Он полчаса объяснял мне, как туда надо проехать, а потом трубку взяла
его дочь Таня и объяснила все за две минуты, и мы поехали, и нас задержал
полицейский, потому что мы нарушили правила, а поди их не нарушь в
сутолоке мадридских машин, их за год, что я здесь не был, прибавилось еще,
по крайней мере, тысяч сто, и Дуня, побледнев, шепнула:
- Это "гвардия севиль"? (Она уже знала, что такое "гвардия севиль" -
испанцы не очень-то скрывают своего отношения к этой полицейской
организации.)
- Нет, ответил я, - это обычный дорожный надзор, не волнуйся.
Полицейский потребовал мои права с каменным лицом и алчным блеском в
глазах, не предвещавшим ничего хорошего. Он повертел мои права, потом
посмотрел марку машины и спросил:
- Откуда вы и что это за "оппель"?
- Это не "оппель", а "Волга", мы из Советского Союза и пытаемся найти
кафе-мороженое "Оливетти", которое в Мадриде знает каждый.
- Вы русские?!
- Да. Советские, - сказала Дуня, побледнев еще больше.
Вы русские, - повторил полицейский, возвращая мне права, - которые
ездят на "Волге", не в силах найти "Оливетти"? - алчный блеск в его глазах
потух, и зажегся иной блеск - удивления, недоверия и интереса. - Это ж
просто: обогните клумбу, возвращайтесь назад, поверните направо возле
пятого светофора, потом круто налево, потом два раза направо, потом снова
налево, пересеките авениду:
вот вам и "Оливетти".
Он поднял палку, остановил поток машин и позволил мне нарушить все
правила, какие только существуют на свете.
- Ну и ну, - сказала Дуня, а я ничего не сказал, потому что напряженно
считал светофоры.
Кастильо Пуче ждал нас со своей старшей дочерью Таней. Мы выпили кофе и
отправились по Мадриду, по хемингуэевским местам.
Жара была градусов под сорок. Дуня страдала, я наслаждался, Кастильо
Пуче и Танюша не обращали на жару внимания, ибо, как настоящие
мадрилень„с, они обожают в своем городе все - даже жару.
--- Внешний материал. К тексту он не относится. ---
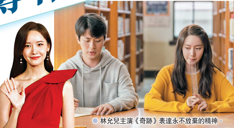
● 林允兒主演《奇跡》表達永不放棄的精神。
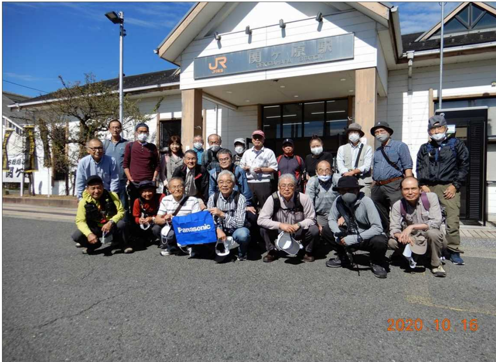
2808 JR関ヶ原駅を23名で元気にスタート
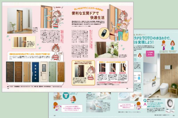
2017年6月17日売(7/2号)扉ページ

タイアップでは協賛各社様の商品特徴を分かりやすく、オレンジページが紹介。より詳しい情報を知りたい方を、資料請求へと誘導いたします。
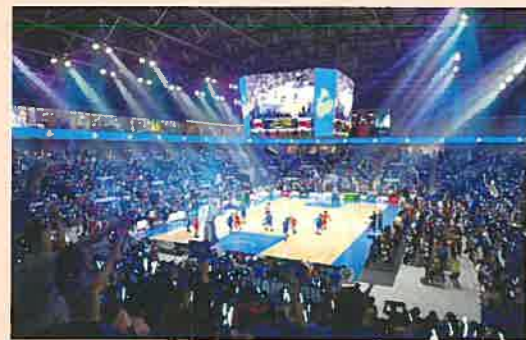
新アリーナの内部のイメージ

大型映像設備やVIP用の特別な部屋（スイート）など、バレーボールやバスケットボールのプロリーグの基準を満たす施設とする計画です。
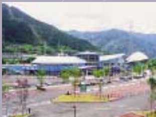
【吉野川ハイウェイオアシス】

美馬市から足を延ばせば、県内には魅力あふれる観光スポットが点在しています。祖谷の「かずら橋」は、日本三大奇橋のひとつ。長さ45mの橋はとてスリリング。世界三大潮流のひとつ「鳴門渦潮」は、激しい潮流が轟音をあげて渦巻き、変化する様は壮観です。徳島市の「眉山」は映画にもなり、観光のシンボルです。吉野川ハイウェイオアシスは全国でも数少ない川に直接触れることのできるサービスエリアです。奇岩・怪岩で知られる「大歩危・小歩危」は、壮大な渓谷が楽しめます。阿波の「土柱」は、段丘礫層が、雨風に侵食されたもので世界三大土柱のひとつ。
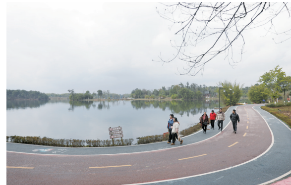
2月3日,大足区龙湖春光明媚,市民在此沿着环湖步道骑行、游玩,感受立春时节的美好时光。
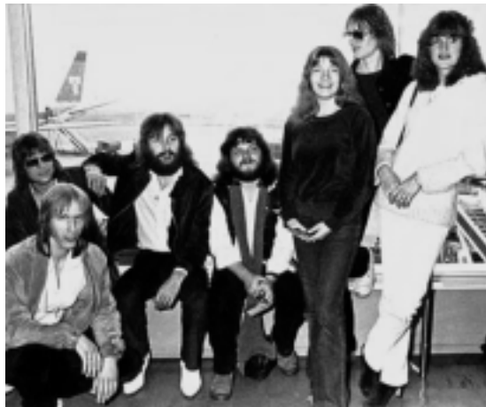
Op het vliegveld, vlak vóór het vertrek naar Amerika. Het album 'Periscope Life' werd in 1980 in Los Angeles opgenomen.
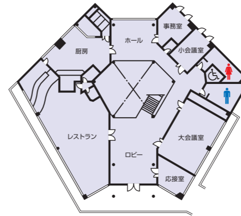
クラブハウス2階平面図
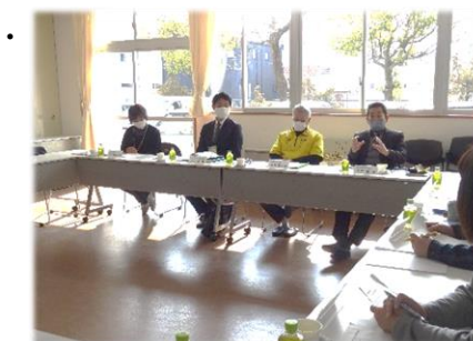
いただいた貴重なご意見を今後の教育活動に活かしてまいります
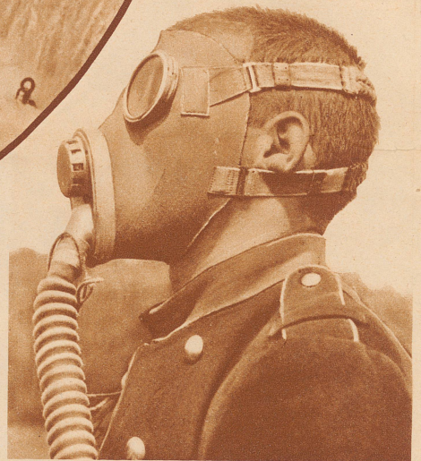
Die Gasmaske für unsere Armee. Im Jahre 1924 wurde in den eidgenössischen Räten der Gasschutz für die Armee beschlossen. In der vergangenen Session des Nationalrates ist jetzt auch ein Kredit von mehreren Millionen Franken für die Anschaffung von Gasmasken für vorläufig einen Teil des Heeres gutgeheissen worden. Unser Bild zeigt das Maskenmodell, das nach langer, sorgfältiger Prüfung für unsere Armee ausgewählt worden ist. Es ist eine Maske, die alle heute bekannten Giftgase zu neutralisieren vermag. Das Stück kostet 40 Franken. Die 400 000 Stück Masken, die etappenweise angeschafft werden sollen, belasten das Militärbudget mit 16 Millionen Franken. Die Handhabung der Maske wird in der gegenwärtigen Infanterie-Rekrutenschule in Zürich erstmals eingeübt
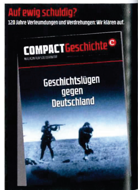
Abbildung 19 Werbeanzeige für COMPACT Geschichte 13

Auch in den Ausgaben „COMPACT Geschichte“ Nr. 13 mit dem Titel: „Geschichtslügen gegen Deutschland“, Nr. 17 mit dem Titel: „Polens verschwiegene Schuld. Verbrechen an Deutschen von Versailles bis zur Vertreibung“ und Nr. 20 mit dem Titel: „Die Todeslager der Amerikaner. Massenmord an Deutschen auf den Rheinwiesen“ verbreitet „COMPACT“ ein revisionistisches Bild. Die beispiellosen Verbrechen des NS-Regimes werden von „COMPACT“ relativiert, indem Verbrechen anderer Staaten angeführt und gleichgestellt werden.

"Небо над Мадридом высокое, безоблачное, подлинно испанское небо, - по
сравнению с ним итальянское кажется приторным, - а воздух такой, что
дышать им просто наслаждение", - писал Старик, но жизнь, увы, внесла свои
коррективы: над Мадридом сейчас висит смог из-за того, что понастроили
множество заводов, а улицы запружены машинами, и только ночью, если
полнолуние, и на Пласа Майор горят синие, под старину, фонари, можно
увидеть звезды и черный провал небосвода и понять, что Старик - сорок лет
назад - всегда мог видеть такое высокое, прекрасное небо не только ночью,
но и днем, когда он работал в том отеле, который в "Фиесте" назвал
"Монтана" и где он поселил свою Брет с Педро Ромеро, а на самом деле
никакого отеля "Монтана" не было, а был маленький пансион на углу улиц
Алкала и Сан Эронимо. Здесь, в этом маленьком пансионе, где жили вышедшие
из моды матадоры, священники и студенты, молодой Старик снимал маленькую
комнату и писал в баре, что был на первом этаже, потому что в его каморке
стояло лишь колченогое трюмо - стола не было, и в течение трех месяцев
терпел обиды от постояльцев, которые издевались - но не очень злобно - над
чудовищным испанским этого длинного "инглез", а потом, по прошествии трех
месяцев, во время которых молодой Хэм каждый день прочитывал все
мадридские газеты, говорил с людьми на улицах, слушал речь матадоров, - он
стукнул кулаком по столу, когда шутить по его адресу стали особенно
солоно, и на хорошем мадридском пульнул такой отборной бранью, которую
употребляют "чуллос" - самые яростные матерщинники Мадрида, что все
посетители сначала смолкли, а потом расхохотались и стали поить Хэма
вином, и признали его своим, и никогда больше не смели потешаться над
"инглез", потому что только испанец может говорить так, как сказал сейчас
этот молодой репортер, только испанец, а никакой там не "инглез"...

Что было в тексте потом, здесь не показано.